With the data in the CaseData editor, select
Nonparametrics > One-Sample Goodness-of-Fit > Lilliefors ...
Then click the variable into the response box. (Since StatXact does this
test using the Monte Carlo method, before running this test, the number of
Monte Carlo trials should be set to 1000000 and the random number seed should
be set to the fixed value of 23456.) Finally, click OK to run Lillifors's
test.
The Monte Carlo estimate of the exact p-value is about 0.23. (Note: StatXact
reports 0.2293, but note that the confidence interval for the exact p-value is
(0.2282, 0.2304), which indicates that there is some uncertainty associated
with the estimated p-value.
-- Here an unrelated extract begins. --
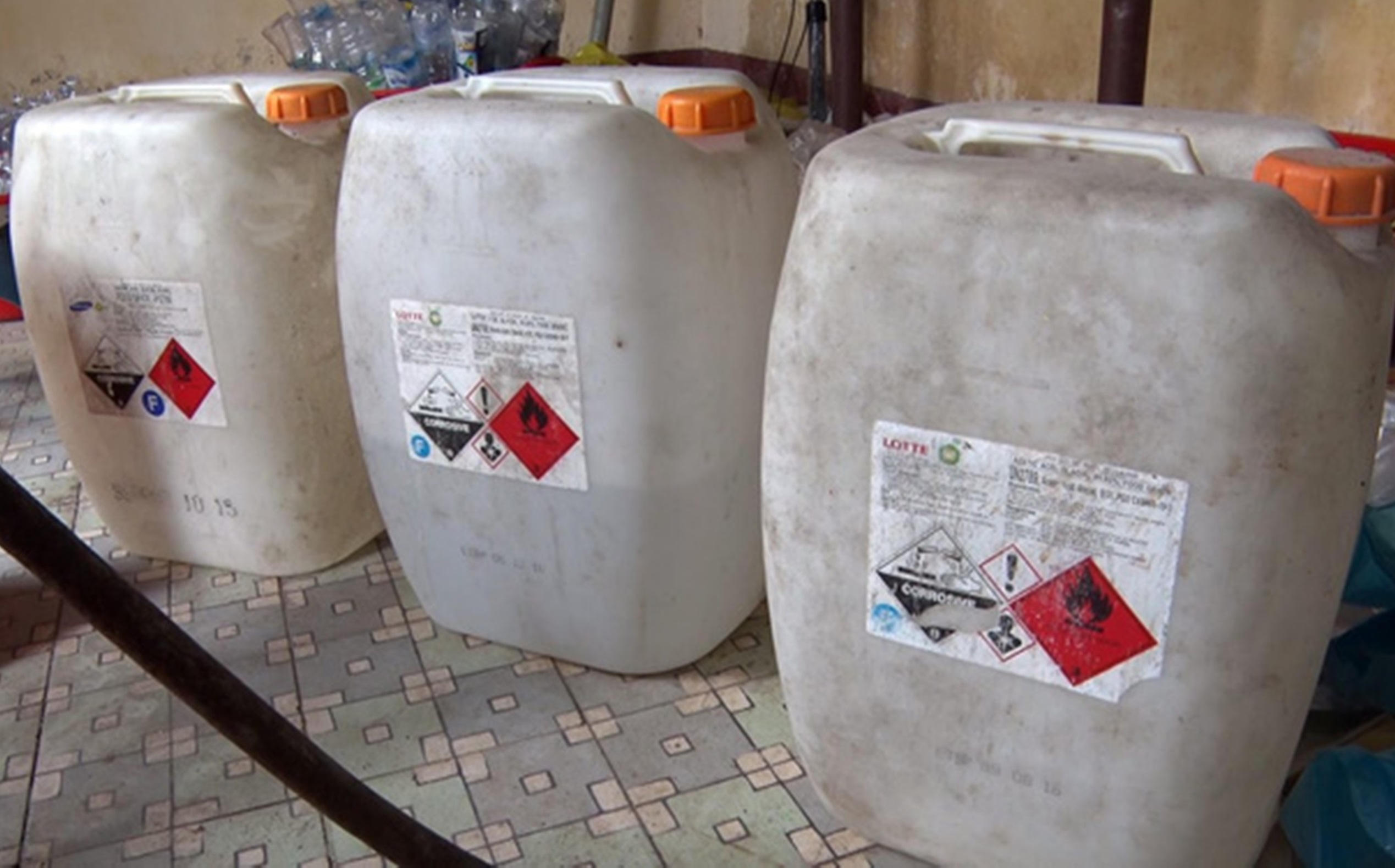 Lực lượng chức năng phát hiện hàng trăm lọ chai đã qua sử dụng cùng nhiều thùng axit axetic công nghiệp không rõ nguồn gốc và hết hạn sử dụng. Mùi nồng nặc của axit axetic bốc hơi khắp căn nhà.
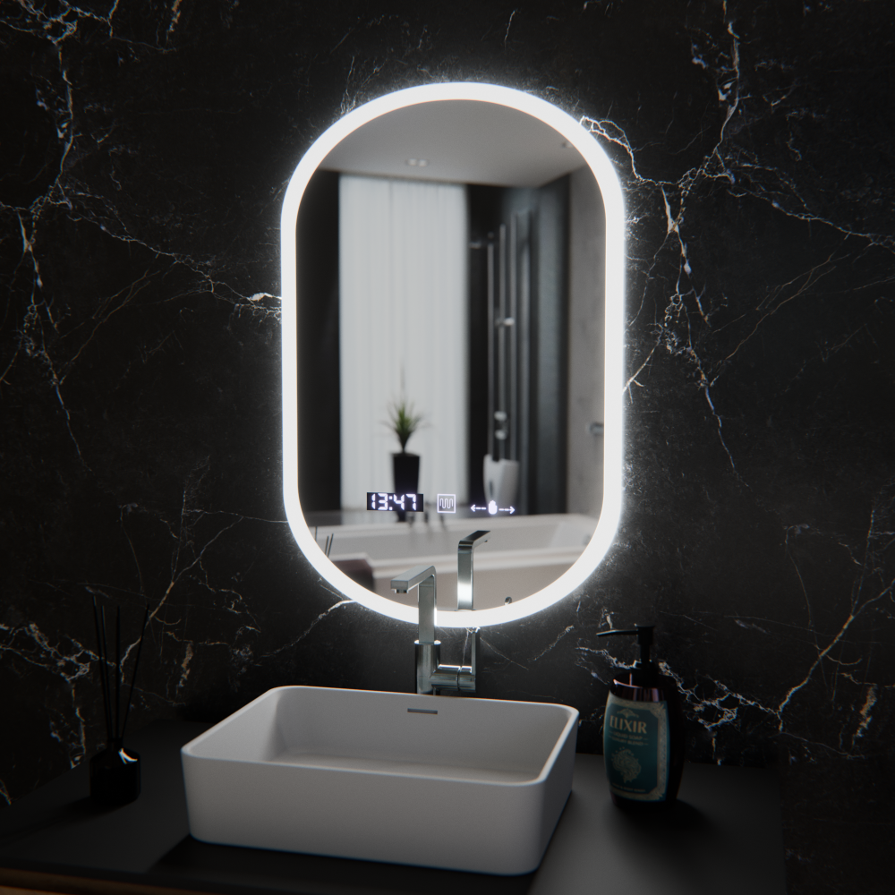 Oglinda LED ovala Lucia Senzor Marcello, 50x80 cm, sistem dezaburire, ceas si termometru, dimabila Oglinda LED ovala Lucia Senzor Marcello, cu dimensiunea de 50x80 cm, este ideala pentru bai moderne, unde functionalitatea avansata se imbina cu un design elegant. Forma ovala adauga un plus de rafinament si se integreaza usor in diverse stiluri de amenajare. Iluminarea LED dimabila permite reglarea intensitatii luminii in functie de preferinte si necesitati. Activarea prin senzor ofera utilizare comoda, fara atingere, iar sistemul de dezaburire mentine oglinda clara chiar si dupa dus. Oglinda este dotata cu ceas digital si termometru, informatiile fiind afisate discret, pentru un plus de confort in rutina zilnica. Consum redus de energie, iluminare uniforma si finisaje de calitate, pentru un produs practic si estetic, potrivit utilizarii zilnice in baie. Oglinda LED Ovala 50x80 cm LUCIA – Marcello impresioneaza prin liniile sale fluide si tehnologia discret integrata. Dotata cu senzor de activare, iluminare LED dimabila si functii inteligente precum dezaburirea, ceasul si termometrul digital, LUCIA este alegerea perfecta pentru un spatiu modern, functional si rafinat.

So it would be silly to report the p-value using
four significant digits. I think it's better to just report any sort of
approximate or estimated p-value using only two significant digits.)
For the Shapiro-Wilk test use
Nonparametrics > One-Sample Goodness-of-Fit > Shapiro-Wilk ...
Click the variable into the box and then click OK ... it's that simple.
StatXact always does this test using an approximate p-value formula.
So we can round the reported p-value of 0.199 to 0.20. (Note: The
p-value is in the same ballpark as the one from Lilliefors's test.)